Chicago instrumental rock institution Tortoise’s first album of original music in five years offers “a lot of variety,” according to bassist Doug McCombs. The as-yet-untitled set is due April 21 from Thrill Jockey.
Drummer John McEntire’s “Prepare Your Coffin” has what might constitute an actual verse, chorus and bridge, but several pieces “don’t adhere to any traditional song forms. They move through different parts, but the lines are blurred.”
Meanwhile, the band’s trademark mallet instruments take a backseat this time to layers of synthesizers (“there might be two or three of them harmonizing, taking more melodic roles,” says McCombs) and “unconventional drumming and percussion.”
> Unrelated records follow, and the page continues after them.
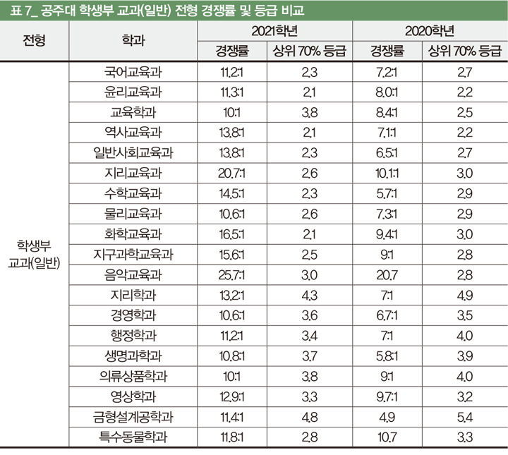 2021학년 학생부 교과(일반) 전형에서는 경쟁률에서 사범대가 강세를 보이고 있다. 공주대 사범대학이 임용고시에서 전국적으로 높은 합격률을 유지하는 데다 교직에 뜻을 품은 학생이 사범대로 소신 지원한 영향이 컸을 것이다. 2021학년에 전년 대비 상위 70% 등급이 올라간 것은 경쟁률이 높아진 이유도 있겠지만, 수능 최저 기준이 완화된 결과도 한몫한다. 학생부 교과(일반) 전형은 학생부 100(교과 90+출결 10)으로 선발하지만, 사범대학은 학생부 80+면접 20이며, 음악교육과는 학생부 60+면접 10+실기 30이다.
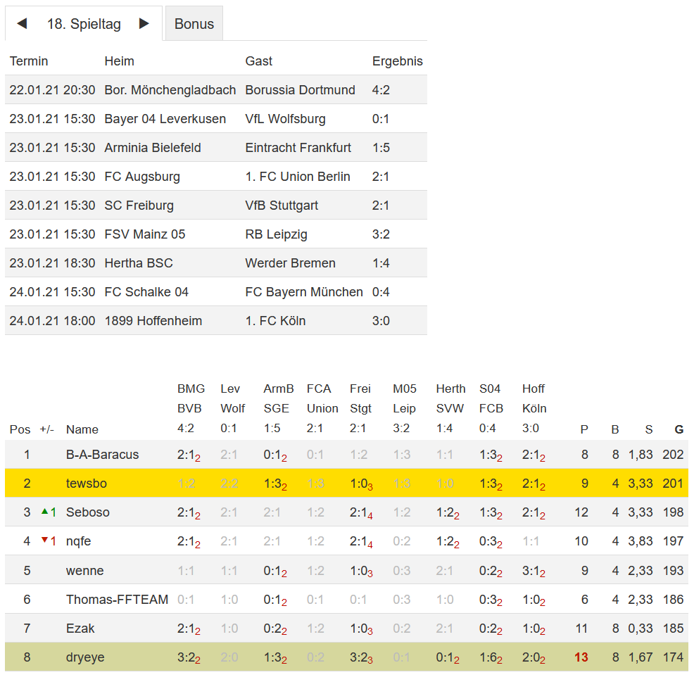 Stand 18. Spieltag - NI-Tippspiel zur Fussball-Bundesligasaison 2020/21
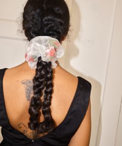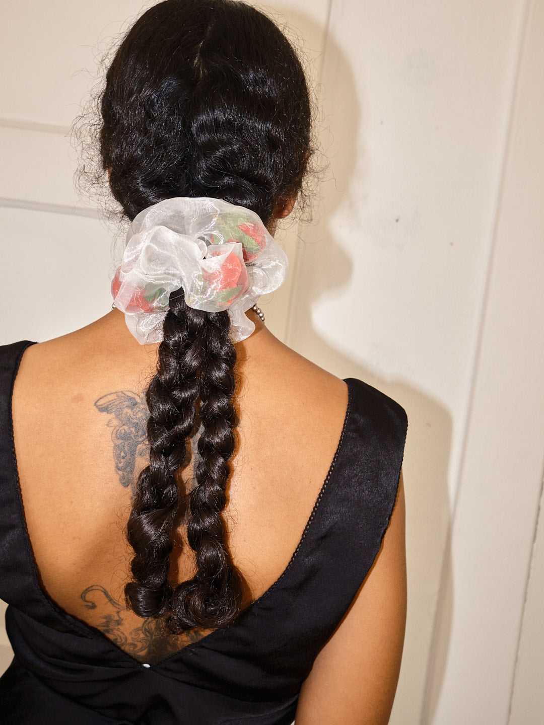 Room Shop’s sheer organza scrunchie filled with faux flowers encapsulated inside.Each piece is one of a kind and will vary slightly.
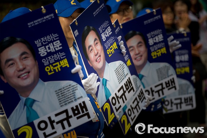 (서울=포커스뉴스) 6일 오후 서울 동대문구 휘경동 일대에서 안규백 더불어민주당 동대문구갑 후보 선거운동원들이 선거운동을 하고 있다.
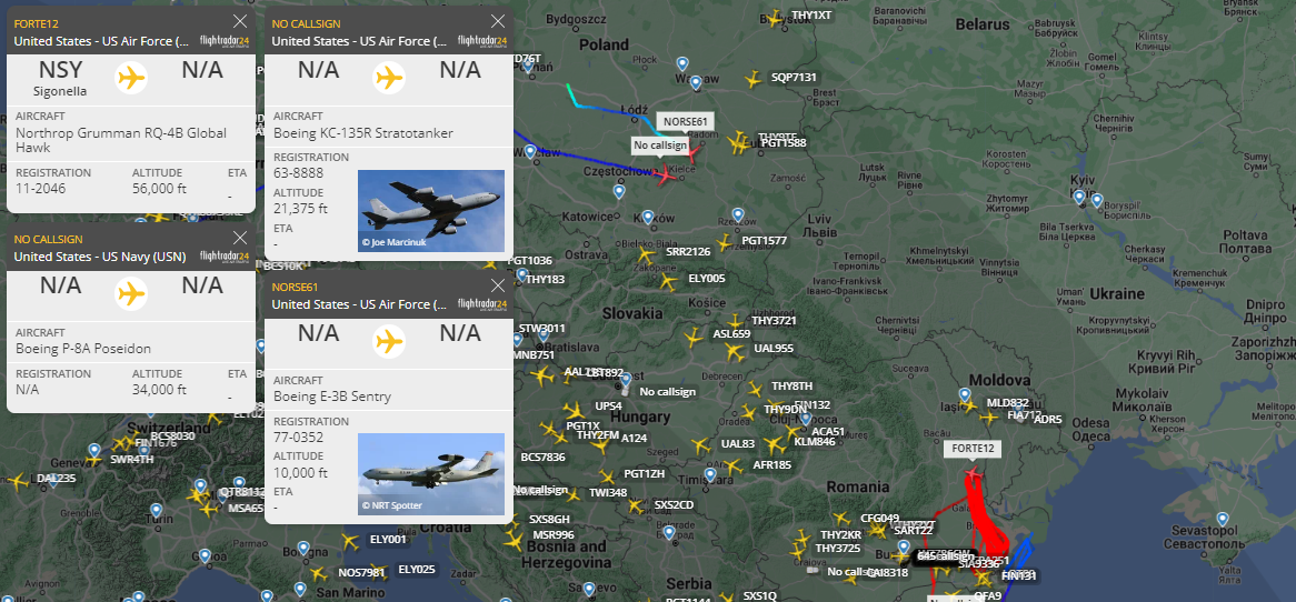 La OTAN pendiente a todo desde los cielos de Romania y Polonia.
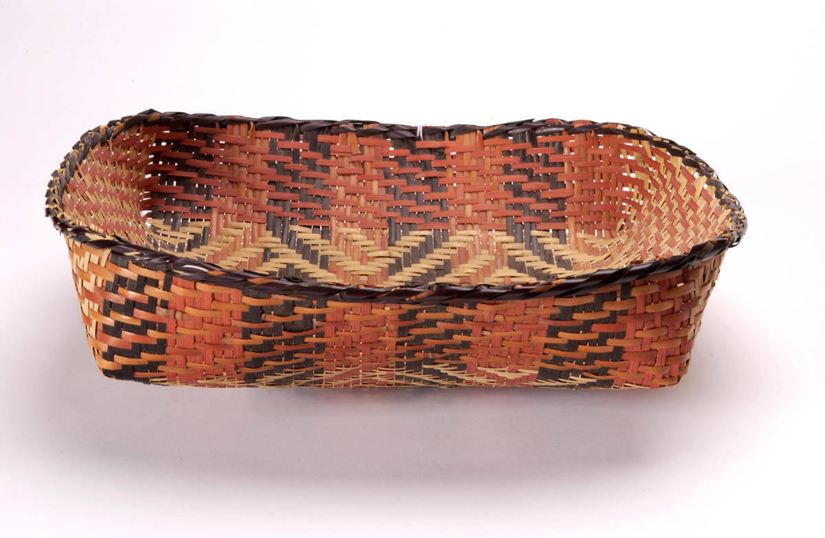 DescriptionSplit cane twilled basket, shallow with a roughly square mouth and rounded bottom, woven with three colors of cane in different diamond pattern or zig-zag designs.
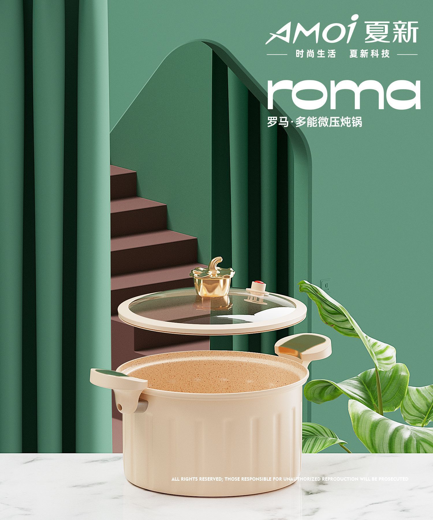 夏新罗马微压锅家用高颜值大容量微压汤锅多功能不粘料理炖锅批发

Several cuts were road-tested last summer, a “luxury” Tortoise usually never has. “Normally we’re making an album and then trying to figure out how to play it, and realizing that they’re some real problems,” says McCombs.
Early in the process, Tortoise was considering one long piece to constitute the whole album, “but that ended up not really being possible with the material we had,” McCombs says. “I think it’s something we want to put on the back-burner.”
Since the release of 2004’s “It’s All Around You,” Tortoise recorded a covers album with Will Oldham (“That made us aware of how we were dealing with melodies,” McCombs says) and toured performing its 1996 album “Millions Now Living Will Never Die” in its entirety (“It really wasn’t that fun to play something we made 12 years ago,” he admits).
The goal is to be back on the road this spring and summer. “Waiting until the fall would have made us a little antsy,” McCombs says.
Meanwhile, McCombs is working on a duo album with guitarist David Daniel, spawned from occasional shows they’d play in Chicago. “What he and I do is improvise, so it was really great and easy for us to just get gigs and not have to rehearse or anything,” he says. “To record it is a different proposition, though. It will take us awhile. We recorded way too much material, so now we have to sift through it.”